▶ _Study material_

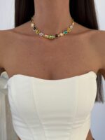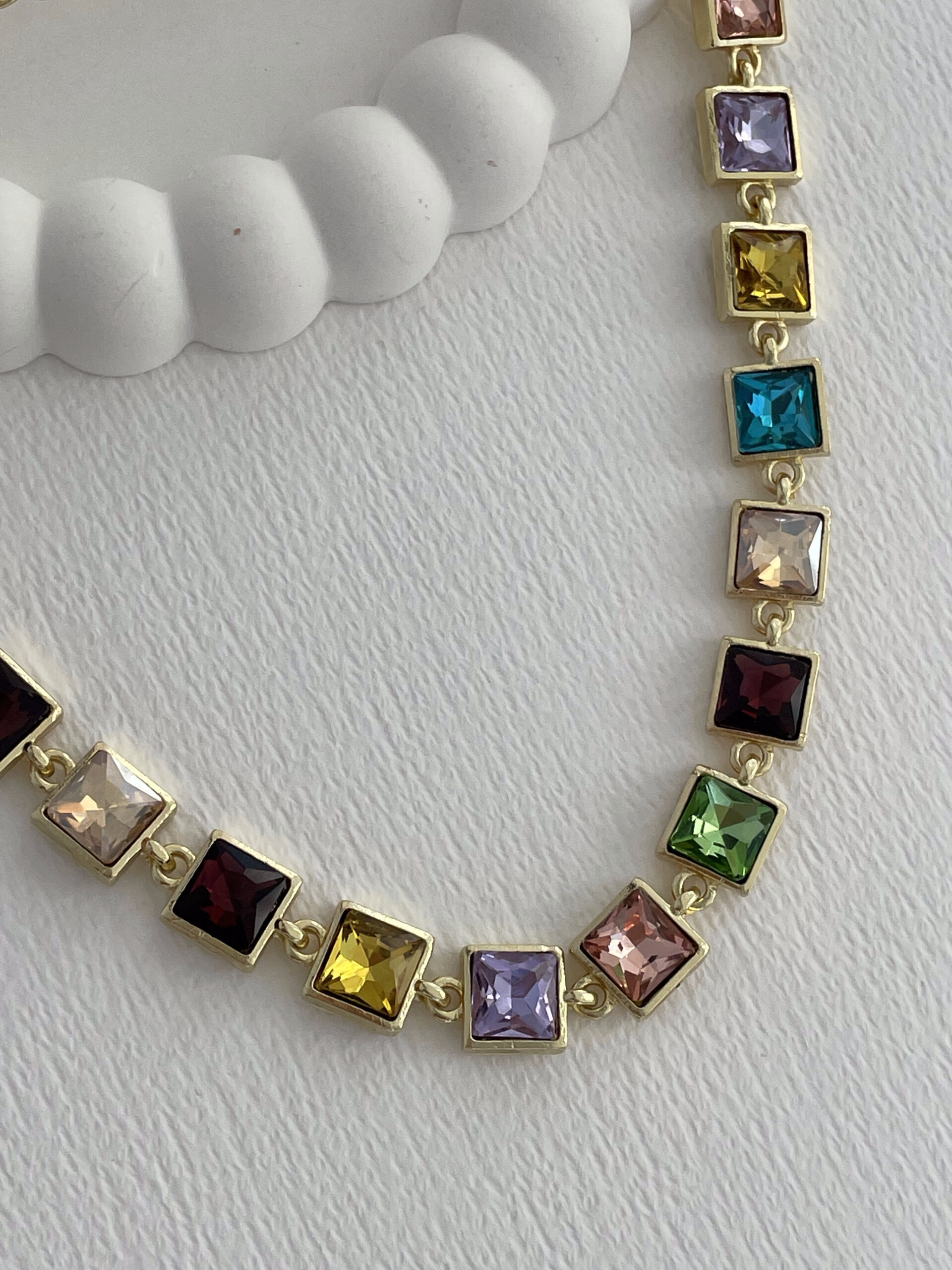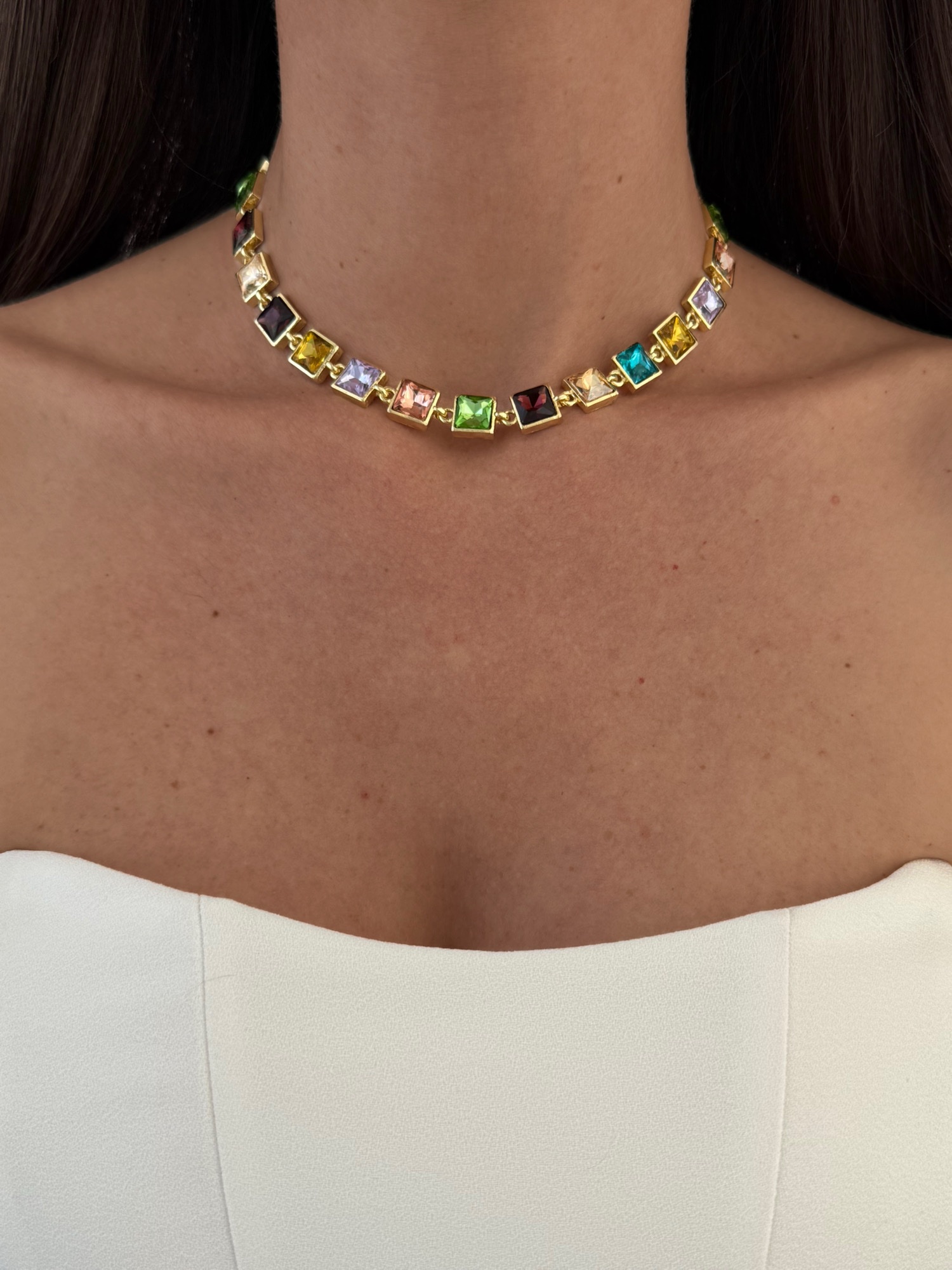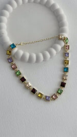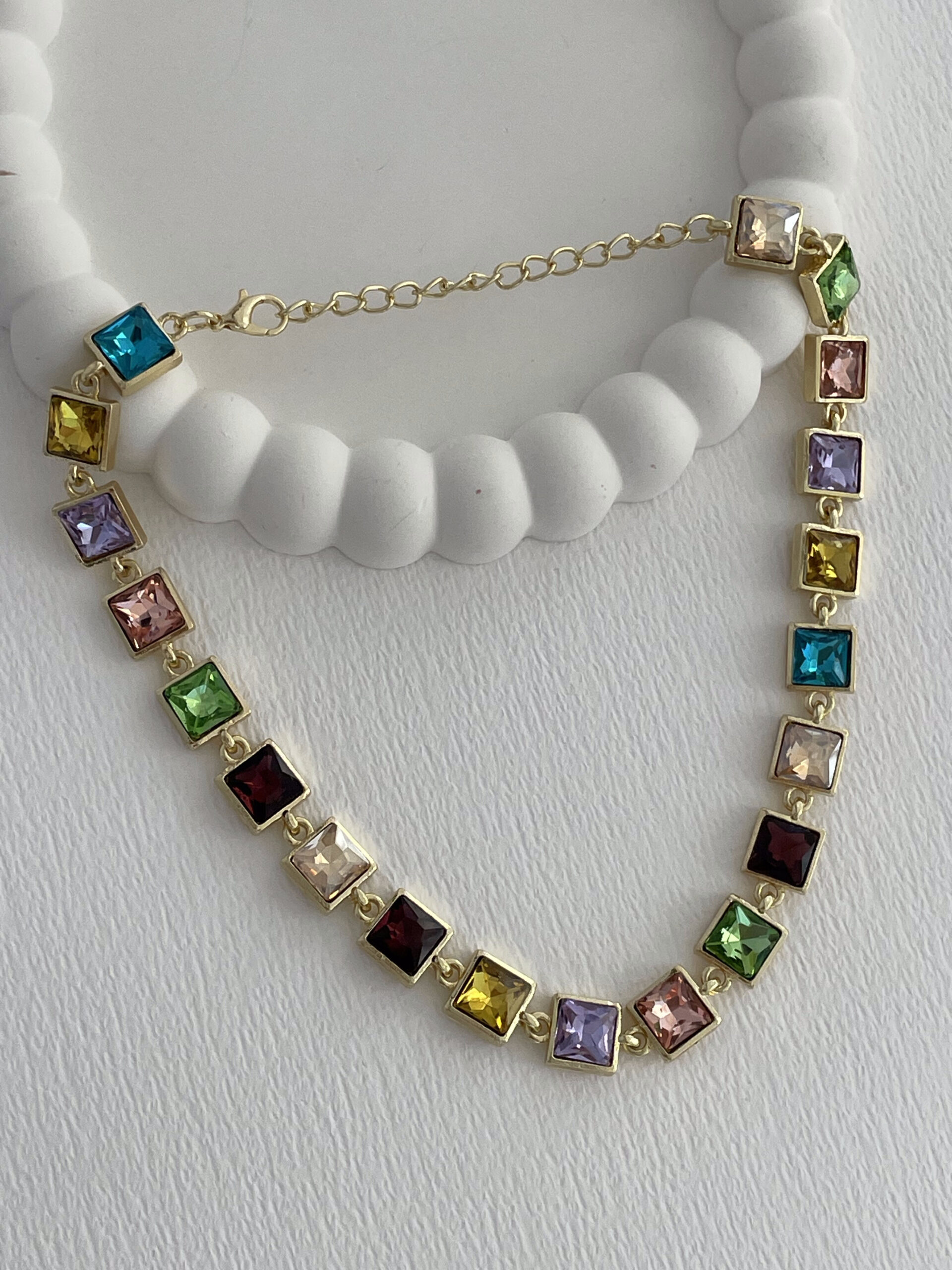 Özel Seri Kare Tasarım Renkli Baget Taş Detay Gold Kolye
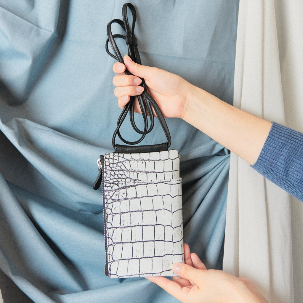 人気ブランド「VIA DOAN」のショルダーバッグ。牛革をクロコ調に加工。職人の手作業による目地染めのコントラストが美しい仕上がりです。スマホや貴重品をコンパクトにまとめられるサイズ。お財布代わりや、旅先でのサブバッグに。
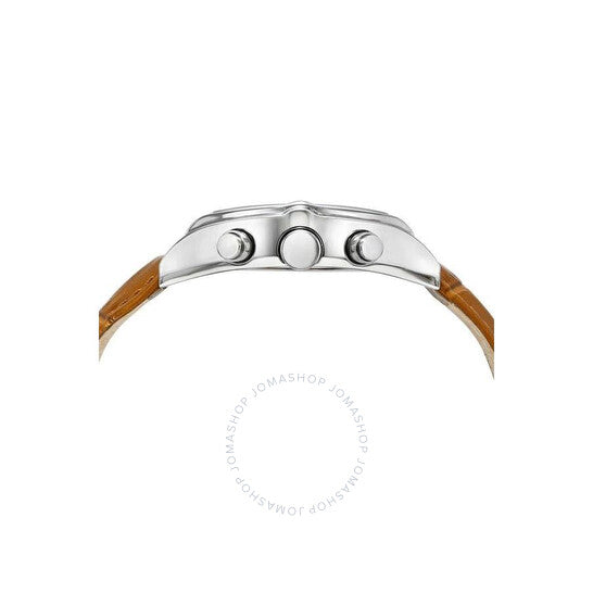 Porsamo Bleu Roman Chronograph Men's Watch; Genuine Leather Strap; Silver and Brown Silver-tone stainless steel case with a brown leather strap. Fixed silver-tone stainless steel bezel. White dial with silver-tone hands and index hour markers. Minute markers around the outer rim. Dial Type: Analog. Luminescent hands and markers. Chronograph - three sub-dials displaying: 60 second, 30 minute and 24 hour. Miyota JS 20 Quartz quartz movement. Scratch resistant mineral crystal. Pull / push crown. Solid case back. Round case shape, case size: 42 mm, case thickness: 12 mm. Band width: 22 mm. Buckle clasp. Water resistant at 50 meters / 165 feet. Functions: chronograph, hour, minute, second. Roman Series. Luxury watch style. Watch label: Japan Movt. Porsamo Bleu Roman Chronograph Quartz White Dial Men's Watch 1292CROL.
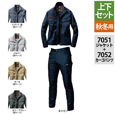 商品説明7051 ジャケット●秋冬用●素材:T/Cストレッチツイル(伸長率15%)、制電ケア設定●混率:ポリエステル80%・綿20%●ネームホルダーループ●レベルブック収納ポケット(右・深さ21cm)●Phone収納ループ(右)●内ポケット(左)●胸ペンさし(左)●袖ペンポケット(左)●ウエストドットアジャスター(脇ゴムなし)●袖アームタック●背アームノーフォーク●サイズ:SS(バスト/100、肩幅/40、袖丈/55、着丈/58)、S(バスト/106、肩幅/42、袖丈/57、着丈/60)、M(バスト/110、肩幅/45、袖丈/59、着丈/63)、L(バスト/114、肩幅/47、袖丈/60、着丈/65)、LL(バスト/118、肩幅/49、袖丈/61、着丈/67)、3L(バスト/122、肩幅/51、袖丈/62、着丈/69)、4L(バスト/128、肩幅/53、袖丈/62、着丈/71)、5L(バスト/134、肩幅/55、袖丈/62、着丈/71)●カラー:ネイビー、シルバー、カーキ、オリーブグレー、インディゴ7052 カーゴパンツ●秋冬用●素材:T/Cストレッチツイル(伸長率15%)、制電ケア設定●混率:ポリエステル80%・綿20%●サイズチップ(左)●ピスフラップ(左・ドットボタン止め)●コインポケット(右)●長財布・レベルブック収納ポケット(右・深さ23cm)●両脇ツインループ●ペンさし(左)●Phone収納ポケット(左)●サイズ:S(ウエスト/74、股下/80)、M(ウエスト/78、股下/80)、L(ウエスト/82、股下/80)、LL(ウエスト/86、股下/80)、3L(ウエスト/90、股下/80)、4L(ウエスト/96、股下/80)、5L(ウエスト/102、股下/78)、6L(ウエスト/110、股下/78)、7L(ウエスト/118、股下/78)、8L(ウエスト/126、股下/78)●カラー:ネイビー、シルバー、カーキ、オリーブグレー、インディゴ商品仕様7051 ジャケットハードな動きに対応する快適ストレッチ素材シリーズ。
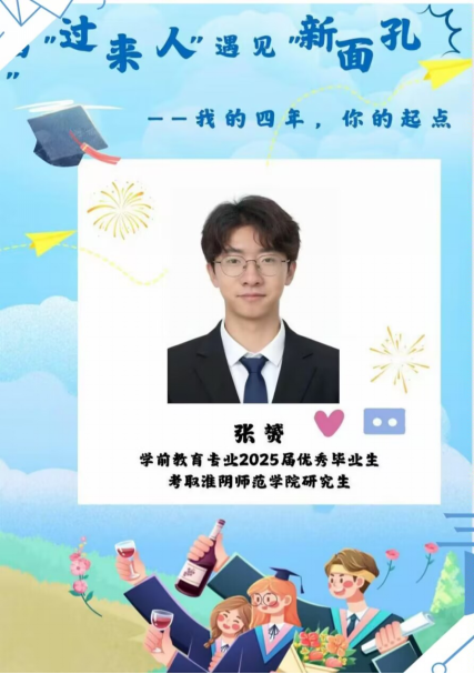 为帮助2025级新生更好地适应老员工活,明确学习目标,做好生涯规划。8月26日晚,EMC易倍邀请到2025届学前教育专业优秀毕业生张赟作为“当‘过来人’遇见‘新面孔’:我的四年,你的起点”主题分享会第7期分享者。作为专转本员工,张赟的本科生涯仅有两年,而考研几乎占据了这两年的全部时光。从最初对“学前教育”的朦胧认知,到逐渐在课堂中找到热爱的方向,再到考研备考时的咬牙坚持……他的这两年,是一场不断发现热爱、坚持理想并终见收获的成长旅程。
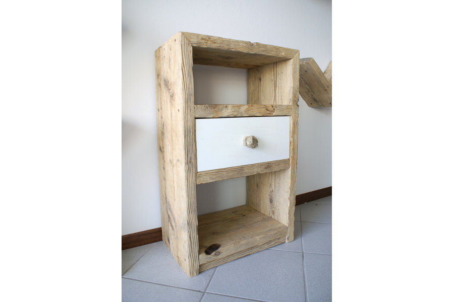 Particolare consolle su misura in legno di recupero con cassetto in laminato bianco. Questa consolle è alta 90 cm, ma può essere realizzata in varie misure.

▶ _Exercise instructions_
Drop the images and transcribe the entries above exactly.

▶ _Answer box_
 Özel Seri Kare Tasarım Renkli Baget Taş Detay Gold Kolye
 人気ブランド「VIA DOAN」のショルダーバッグ。牛革をクロコ調に加工。職人の手作業による目地染めのコントラストが美しい仕上がりです。スマホや貴重品をコンパクトにまとめられるサイズ。お財布代わりや、旅先でのサブバッグに。
 Porsamo Bleu Roman Chronograph Men's Watch; Genuine Leather Strap; Silver and Brown Silver-tone stainless steel case with a brown leather strap. Fixed silver-tone stainless steel bezel. White dial with silver-tone hands and index hour markers. Minute markers around the outer rim. Dial Type: Analog. Luminescent hands and markers. Chronograph - three sub-dials displaying: 60 second, 30 minute and 24 hour. Miyota JS 20 Quartz quartz movement. Scratch resistant mineral crystal. Pull / push crown. Solid case back. Round case shape, case size: 42 mm, case thickness: 12 mm. Band width: 22 mm. Buckle clasp. Water resistant at 50 meters / 165 feet. Functions: chronograph, hour, minute, second. Roman Series. Luxury watch style. Watch label: Japan Movt. Porsamo Bleu Roman Chronograph Quartz White Dial Men's Watch 1292CROL.
 商品説明7051 ジャケット●秋冬用●素材:T/Cストレッチツイル(伸長率15%)、制電ケア設定●混率:ポリエステル80%・綿20%●ネームホルダーループ●レベルブック収納ポケット(右・深さ21cm)●Phone収納ループ(右)●内ポケット(左)●胸ペンさし(左)●袖ペンポケット(左)●ウエストドットアジャスター(脇ゴムなし)●袖アームタック●背アームノーフォーク●サイズ:SS(バスト/100、肩幅/40、袖丈/55、着丈/58)、S(バスト/106、肩幅/42、袖丈/57、着丈/60)、M(バスト/110、肩幅/45、袖丈/59、着丈/63)、L(バスト/114、肩幅/47、袖丈/60、着丈/65)、LL(バスト/118、肩幅/49、袖丈/61、着丈/67)、3L(バスト/122、肩幅/51、袖丈/62、着丈/69)、4L(バスト/128、肩幅/53、袖丈/62、着丈/71)、5L(バスト/134、肩幅/55、袖丈/62、着丈/71)●カラー:ネイビー、シルバー、カーキ、オリーブグレー、インディゴ7052 カーゴパンツ●秋冬用●素材:T/Cストレッチツイル(伸長率15%)、制電ケア設定●混率:ポリエステル80%・綿20%●サイズチップ(左)●ピスフラップ(左・ドットボタン止め)●コインポケット(右)●長財布・レベルブック収納ポケット(右・深さ23cm)●両脇ツインループ●ペンさし(左)●Phone収納ポケット(左)●サイズ:S(ウエスト/74、股下/80)、M(ウエスト/78、股下/80)、L(ウエスト/82、股下/80)、LL(ウエスト/86、股下/80)、3L(ウエスト/90、股下/80)、4L(ウエスト/96、股下/80)、5L(ウエスト/102、股下/78)、6L(ウエスト/110、股下/78)、7L(ウエスト/118、股下/78)、8L(ウエスト/126、股下/78)●カラー:ネイビー、シルバー、カーキ、オリーブグレー、インディゴ商品仕様7051 ジャケットハードな動きに対応する快適ストレッチ素材シリーズ。
 为帮助2025级新生更好地适应老员工活,明确学习目标,做好生涯规划。8月26日晚,EMC易倍邀请到2025届学前教育专业优秀毕业生张赟作为“当‘过来人’遇见‘新面孔’:我的四年,你的起点”主题分享会第7期分享者。作为专转本员工,张赟的本科生涯仅有两年,而考研几乎占据了这两年的全部时光。从最初对“学前教育”的朦胧认知,到逐渐在课堂中找到热爱的方向,再到考研备考时的咬牙坚持……他的这两年,是一场不断发现热爱、坚持理想并终见收获的成长旅程。
 Particolare consolle su misura in legno di recupero con cassetto in laminato bianco. Questa consolle è alta 90 cm, ma può essere realizzata in varie misure.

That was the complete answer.